Especially since the DHR proceedings and determination referred to the Lehman College faculty members named in this proceeding, see Hirsch v. Morban Stanley & Co., 239 A.D.2d at 468, there is sufficient identity between the claims against these respondents here and the claims before DHR to preclude petitioner's “right to sue” the faculty members in this proceeding. James v. Coughlin, 124 A.D.2d at 729.See Benjamin v. New York City Dept. of Health, 57 AD3d at 404;Bhagalia v. State of New York, 228 A.D.2d 882, 883 (3d Dep't 1996); Ehrlich v. Kantor, 213 A.D.2d 447;Craig–Oriol v.

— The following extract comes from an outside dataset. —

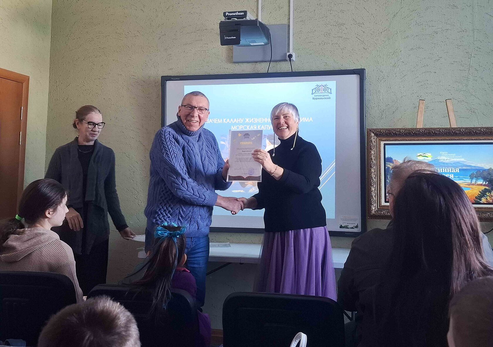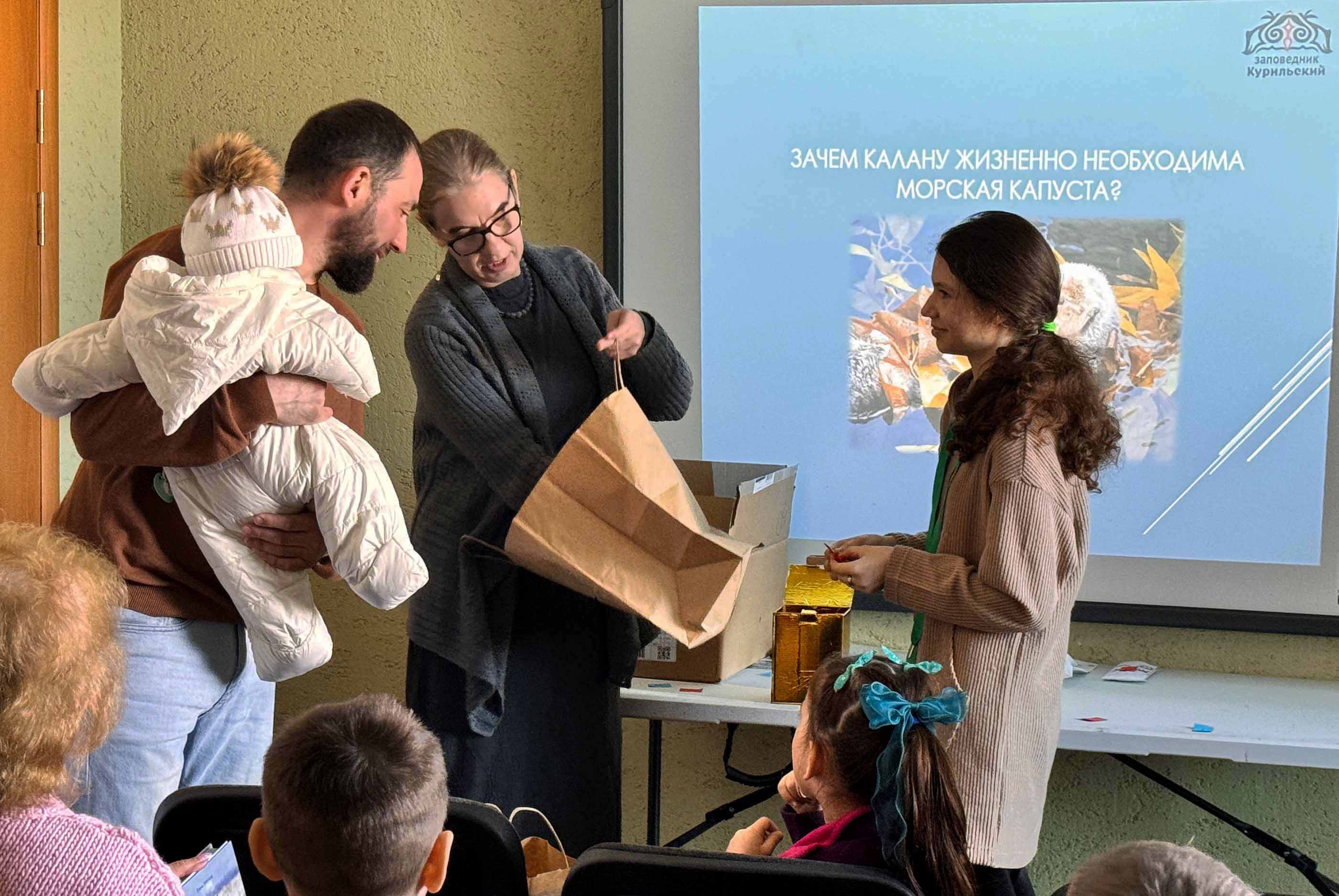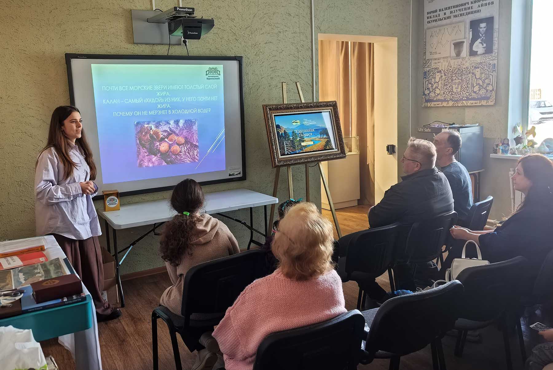 Также специалист по связям с общественностью заповедника Мария Наумова в субботу, 14.02.2026, провела занятие для учеников старших классов МБОУ «Центр образования пгт Южно-Курильск». 18 ребят и их педагоги узнали о деятельности заповедника по охране морских акваторий. Особое внимание было уделено калану (морской выдре).

Mount Sinai Hosp., 201 A.D.2d at 450. Petitioner chose the benefit of DHR's hearing and determination of her claims on their merits, “with the advantages of less expense and swifter resolution” than had she originally sued in a judicial forum, and may not change that course now, by suing the faculty members in addition to Lehman College. Magini v. Otnorp, Ltd., 180 A.D.2d 476, 477 (1st Dep't 1992).
III. CONCLUSION
Because (1) no party opposes the dismissal of respondents Eschenauer, Deveaux, Bradley, and Lehman College, (2) Lehman College is an unnecessary party, and (3) Eschenauer, Deveaux, and Bradley are both unnecessary and impermissible parties in this proceeding, the court grants these four respondents' motion to dismiss them from the proceeding. C.P.L.R. §§ 1001(a), 3211(a)(7). This decision constitutes the court's order and judgment dismissing the petition against these respondents, C.P.L.R. §§ 409(b), 7806, and is without prejudice to petitioner's proceeding against respondent New York State Division of Human Rights.